Oh ok then  , well I dont know where the seller got this watch from, or how long the battery has been in there. Roughly how long will a battery like that last in my new watch?

Cheers.


----------



## harryblakes7 (Oct 1, 2010)

Long shelf life on the old 343 battery's at least 3 years, you can't put a 1.5v battery in as your watch uses the voltage to maintain accuracy, if you do it will run fast, company called Accucell make thin 1.5v batteries with a "resistave pack" connected to reduce the voltage to 1.35v. Your old battery should last over a year, new ones last 9 months. Mecury mainly banned now, unless you go to the dentist and will happily fill your mouth with it, just remember to keep those fillings wet otherwise the mecury will vapour off!!


----------



## Silver Hawk (Dec 2, 2003)

harryblakes7 said:


> Long shelf life on the old 343 battery's at least 3 years, you can't put a 1.5v battery in as your watch uses the voltage to maintain accuracy, if you do it will run fast, company called Accucell make thin 1.5v batteries with a "resistave pack" connected to reduce the voltage to 1.35v.

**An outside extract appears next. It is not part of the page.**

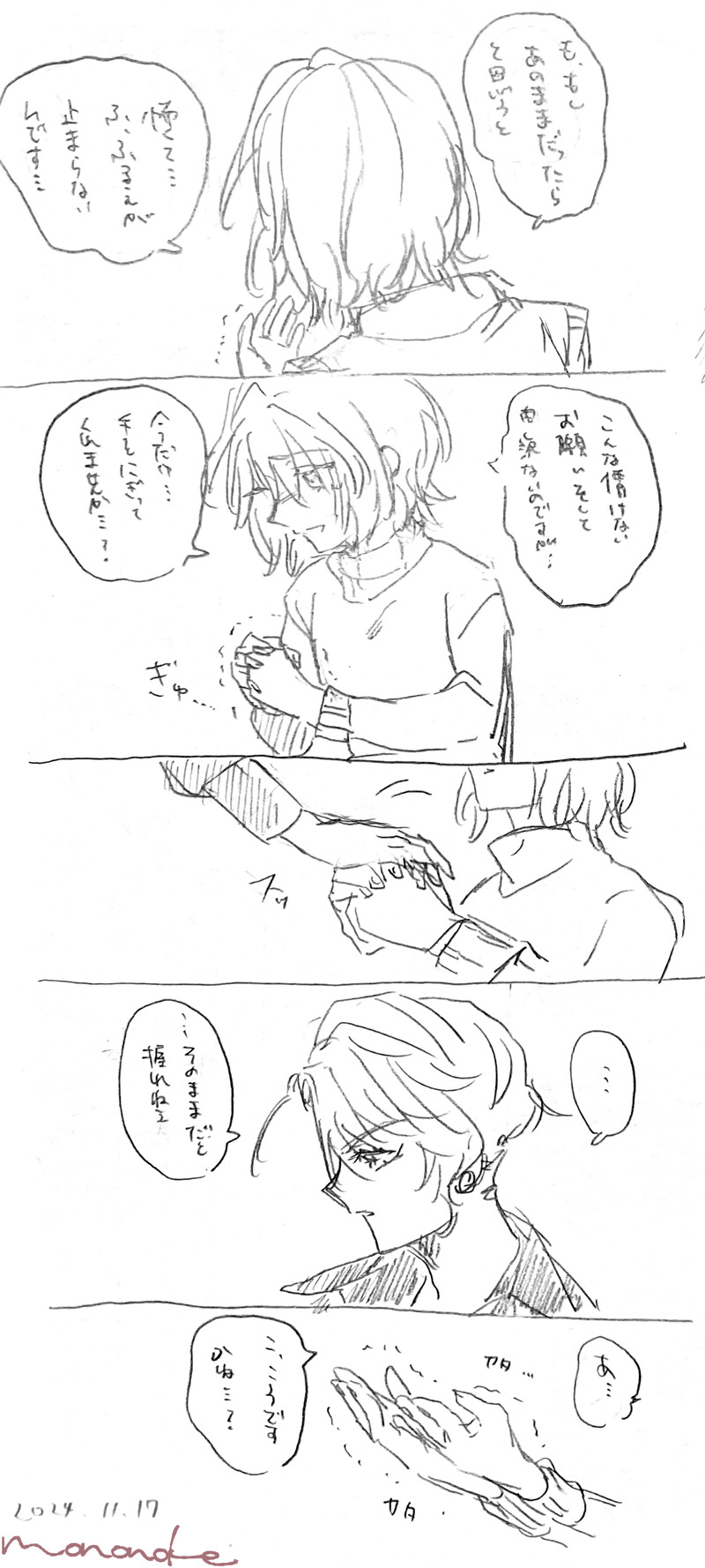 もののけ☆quiet followDOODLE皇エー♀(創作エージェントがいます)手を繋いで欲しかっただけの縦長アナログ漫画です。この後何かのタイミングでエーの荷物を持とうと手を伸ばしたら「え、もう手は繋がなくて大丈夫ですよ」って言われて、周囲に手を繋いだことがバレます。コイツってばついにPCに画像取り込んでセリフ入れることすら諦めましたよアニキ…… show all(+1 images) Tap to full screen (size:1047x2327).Repost is prohibited Let's send reactions! freqpopularsnackothersPayment processing Replies from the creator Follow creator you care about!☆quiet follow もののけDOODLE皇エー♀(創作エージェントの顔があります)アナログらくがき漫画です。お夜食のお話2本です。エーの食欲のメーターを全開にしすぎたかもしれない。 2 もののけSPOILER皇エー♀(創作エージェントの顔があります)(誕生日ボイスのネタバレ?があります)誕生日ボイスを聞いて生み出しました。みんなお祝いしてくれて、これからもライダーとエージェントみんな仲良くな…の気持ちになりました。ところでエーは一体いくつケーキを食べるのでしょうね… 2 もののけDOODLE皇エー♀(創作エージェントの顔があります)アナログでの下書きが3本あります。字が読めない!1つめがエーの偽物が現れたカオワの話で、2つめがエーが山で滑落して気絶した話(未完)、3つめが謎ビームで自分の衝動が抑えられなくなってしまったエーの話です。 8 もののけDOODLE注意:女体化かなり前(リリースしてすぐの頃)に皇さんを描こうとしてうっかり女体化してしまった絵です。供養 もののけDOODLE皇エー♀(創作エージェントの顔があります)ただジャンケンしてるだけの話の下書き(ほぼ文字だけ)です。ジャンケン鬼強そう。不意打ちジャンケンなら負けてくれるだろうか…。今年描いたものは今年のうちに流しておこう…の投稿です。未完が多いけど、たくさんお話考えられて楽しかった一年でした~! 3 もののけDOODLE皇エー♀(創作エージェントの顔があります)アナログ縦長漫画がひとつです。ナチュラルに猫語を理解する皇さんがいます。エーが猫になった原因は決めてません……何にしようか…… recommended works き なDOODLE楽しみだね④ yora_samaSPOILER軍師の感想追加😌(ネタバレしない程度に感情爆発させてるイラスト感想ですが偏りが酷いです。酷い偏りようです。) 6 もにこPAST🐞💔ジョルポル過去絵 (⚠肌色)18歳以上の方のみ閲覧OKですパスワード (y/n) 黄月ナイチMEMOロマサガ2RSでワグナスのあれこれに膝をやられてしまいしたためたスーワグ(第一形態×第一形態)の記録。触手描写があり女体化要素強め。pixivと同じ文です。 9512 @TASUKU_ariumDONE173絵チャ 闇鍋🔸お邪魔しました POI10936457DOODLE🪔𝖶𝖤𝖫𝖢𝖮𝖬𝖤 𝖳𝖮 DADA 365 BOOKwww.dada365.now #IPL2025 #dada365 #dada365news #virat #cricketindia #csk #klrahul #bigbashleague #testcricket #cricketers #hardikpandya #dream #cricketworldcup マジックぺんDOODLE軍師ネタバレ!!とりあえず落書き随時追加すると思います 7 hagi_99fDONEVOID自陣二次創作 ひとほしDOODLE脱衣麻雀でボロ負けしてほしいよな、ブロに。「全部脱いだから…っ、…もう……払えな…」「まだ南3局が残っているが?」(アタブロ)

Not really necessary on the ESA 9162/4 movements (same as this "F300" movement)...you should be able to take the 1.3v 343 mercury oxide out and replace with a 1.5v 344 modern silver oxide.

Accutrons, particularly 214 Accutrons, are much more sensitive to the higher voltage. But even on these, you can re-phase 90% of them to run on 1.5v without having to resort to Accucells.


----------



## harryblakes7 (Oct 1, 2010)

Ah, i stand corrected :notworthy: i don't know how to re-phase mine so bought the Accucell batts, some peps in America can mod them but they want millions! so i didn't go there..........


----------



## inspector 71 (Jan 31, 2010)

That's a very clean example of a watch that is probably around 36 years old.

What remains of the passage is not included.